Certain Information Concerning the Participants
Alta Fox Opportunities Fund, LP (“Alta Fox Opportunities”), together with the other participants named herein (collectively, “Alta Fox”), has filed a preliminary proxy statement and an accompanying BLUE proxy card with the Securities and Exchange Commission (“SEC”) and intends to solicit votes in connection with their opposition to proposals to be presented at a special meeting of shareholders of Daktronics, Inc., a South Dakota corporation (the “Company”).
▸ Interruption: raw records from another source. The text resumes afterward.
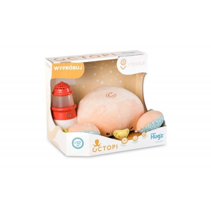 Ocean Hugz - Maskotka Wielorybek i Projektor Latarnia Morska DKM6869. Gdy przytulisz pluszaka, latarnia morska zaczyna grać kołysanki i świecić. Możliwe jest również włączenie samej latarni morskiej, bez konieczności przytulania pluszaka. Latarnia Morska gra kołysanki, świeci delikatnym światłem i wyświetla gwiazdki na suficie. Posiada okrągłą podstawę, dzięki której może się delikatnie kołysać. Ośmiorniczka w kolorze fioletowym posiada żółty, plastikowy smoczek. Latarnia rozświetli pokój i ukołysze Twoje dziecko do snu.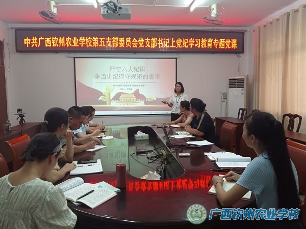 为深入学习领会习近平总书记关于全面加强党的纪律建设重要论述,引导党员同志学纪、知纪、明纪、守纪,推动党纪学习教育走深走实,以更严明的纪律、更务实的作风提升工作能力和工作质量,7月1日下午,我校第五党支部书记劳海燕在第一会议室为全体党员讲授党纪学习教育专题党课。支部全体党员、预备党员参会聆听。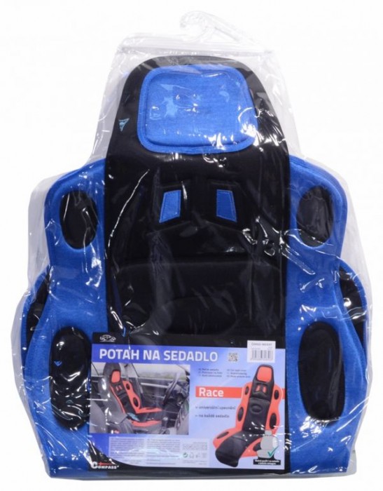 Popis: Potah sedadla Race - univerzální, černo/modrý

ALTA FOX STRONGLY ADVISES ALL SHAREHOLDERS OF THE COMPANY TO READ THE PROXY STATEMENT AND OTHER PROXY MATERIALS, INCLUDING ITS BLUE PROXY CARD, AS THEY BECOME AVAILABLE BECAUSE THEY WILL CONTAIN IMPORTANT INFORMATION. SUCH PROXY MATERIALS WILL BE AVAILABLE AT NO CHARGE ON THE SEC'S WEB SITE AT HTTP://WWW.SEC.GOV. IN ADDITION, THE PARTICIPANTS IN THIS PROXY SOLICITATION WILL PROVIDE COPIES OF THE PROXY STATEMENT WITHOUT CHARGE, WHEN AVAILABLE, UPON REQUEST. REQUESTS FOR COPIES SHOULD BE DIRECTED TO THE PARTICIPANTS' PROXY SOLICITOR.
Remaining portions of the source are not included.